[Problem requirements] Take the lines in the listing below from the line with "1、点击出发,操控角色前进,跨越障碍,抵达出口,完成关卡挑战。" up to and including the line with "Tea-Length Chiffon A-Line" and set them down exactly, skipping pictures and adding nothing.

[Records for processing]

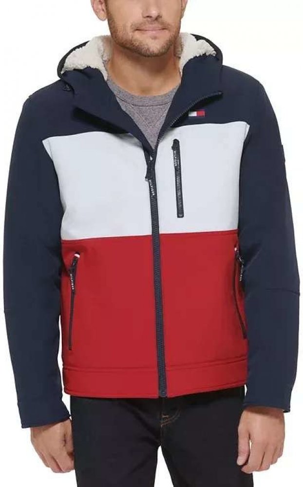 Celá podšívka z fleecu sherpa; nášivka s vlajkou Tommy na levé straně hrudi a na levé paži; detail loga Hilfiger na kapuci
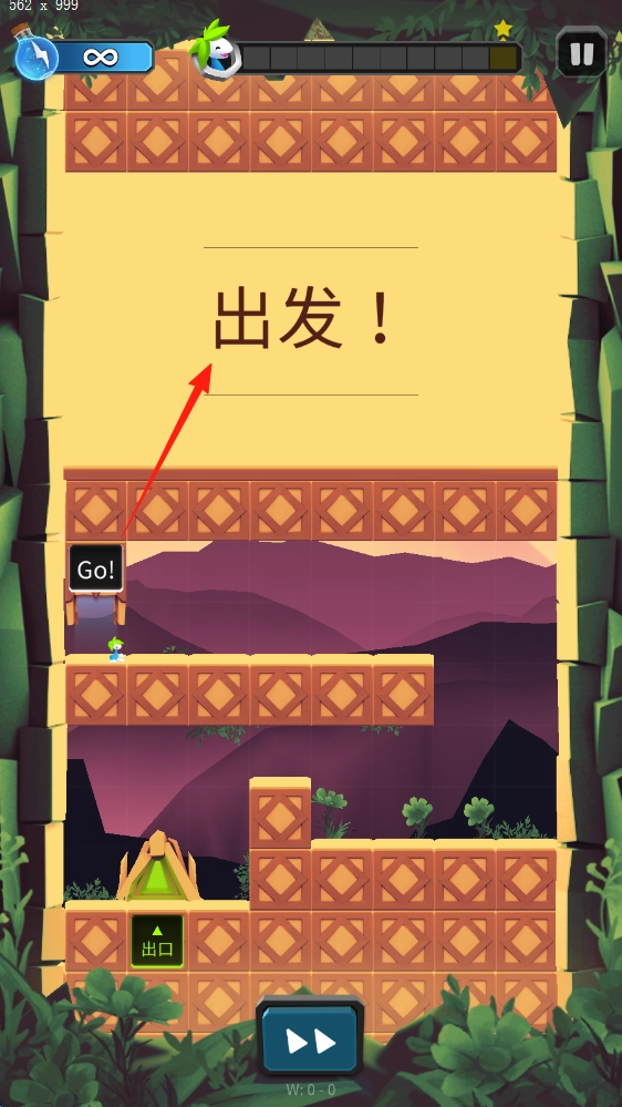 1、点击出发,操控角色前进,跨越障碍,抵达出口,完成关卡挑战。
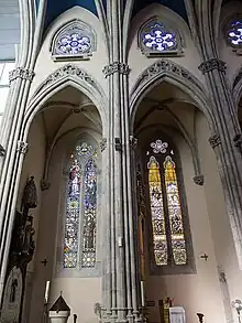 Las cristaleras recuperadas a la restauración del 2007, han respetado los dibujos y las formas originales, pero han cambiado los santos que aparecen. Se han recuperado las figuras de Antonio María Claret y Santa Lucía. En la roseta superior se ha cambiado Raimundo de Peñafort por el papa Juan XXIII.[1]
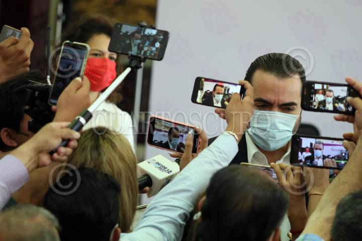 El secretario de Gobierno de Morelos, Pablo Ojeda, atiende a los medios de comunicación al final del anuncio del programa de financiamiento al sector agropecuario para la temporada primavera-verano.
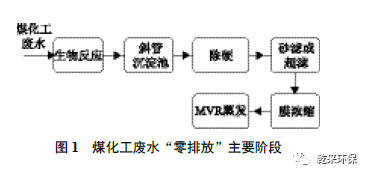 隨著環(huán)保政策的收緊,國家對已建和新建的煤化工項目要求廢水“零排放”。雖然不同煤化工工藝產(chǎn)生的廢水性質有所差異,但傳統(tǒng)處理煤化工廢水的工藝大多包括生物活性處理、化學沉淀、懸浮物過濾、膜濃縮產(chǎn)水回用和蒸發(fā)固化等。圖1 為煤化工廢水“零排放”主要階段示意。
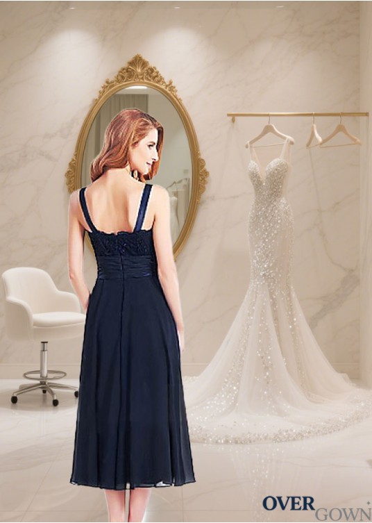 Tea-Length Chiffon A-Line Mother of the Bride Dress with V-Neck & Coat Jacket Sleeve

--

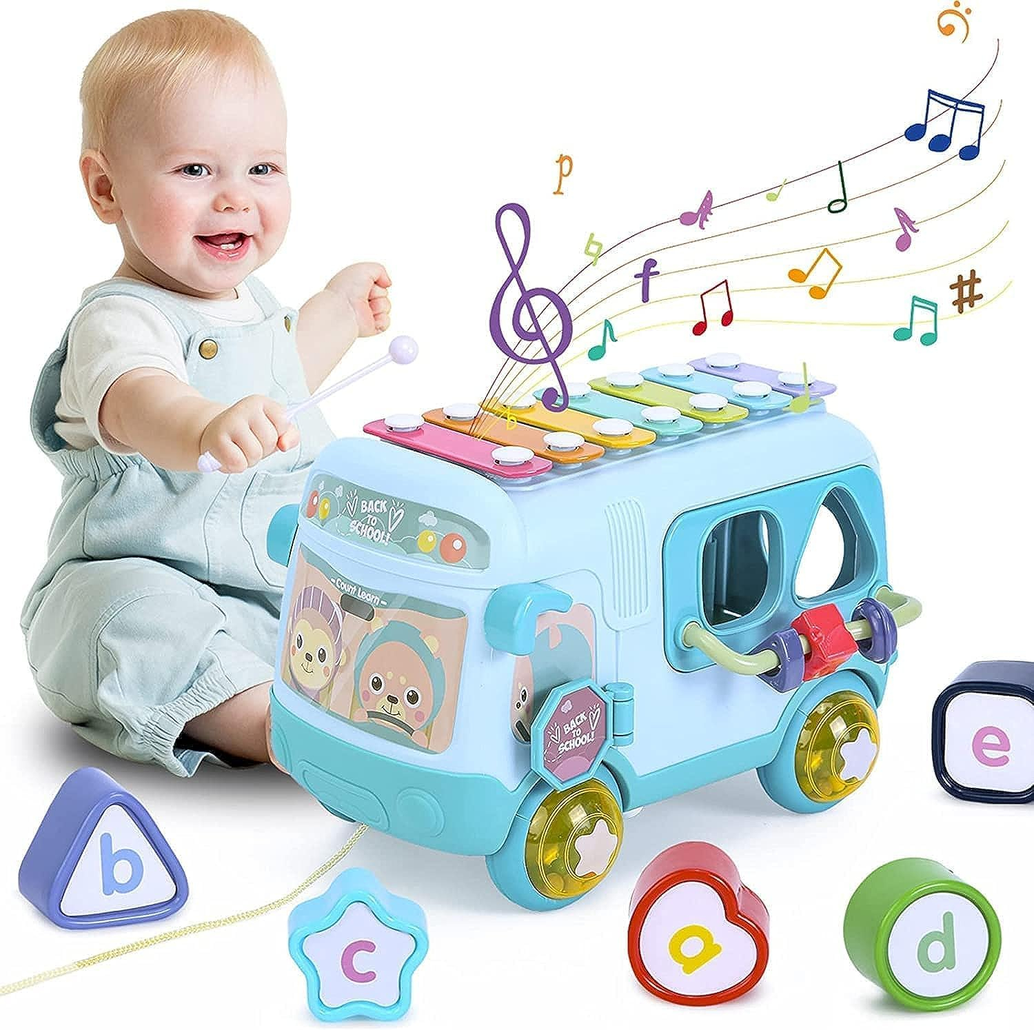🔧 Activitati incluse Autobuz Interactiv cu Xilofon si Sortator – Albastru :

[Your solution]
 1、点击出发,操控角色前进,跨越障碍,抵达出口,完成关卡挑战。
 Las cristaleras recuperadas a la restauración del 2007, han respetado los dibujos y las formas originales, pero han cambiado los santos que aparecen. Se han recuperado las figuras de Antonio María Claret y Santa Lucía. En la roseta superior se ha cambiado Raimundo de Peñafort por el papa Juan XXIII.[1]
 El secretario de Gobierno de Morelos, Pablo Ojeda, atiende a los medios de comunicación al final del anuncio del programa de financiamiento al sector agropecuario para la temporada primavera-verano.
 隨著環(huán)保政策的收緊,國家對已建和新建的煤化工項目要求廢水“零排放”。雖然不同煤化工工藝產(chǎn)生的廢水性質有所差異,但傳統(tǒng)處理煤化工廢水的工藝大多包括生物活性處理、化學沉淀、懸浮物過濾、膜濃縮產(chǎn)水回用和蒸發(fā)固化等。圖1 為煤化工廢水“零排放”主要階段示意。
 Tea-Length Chiffon A-Line Mother of the Bride Dress with V-Neck & Coat Jacket Sleeve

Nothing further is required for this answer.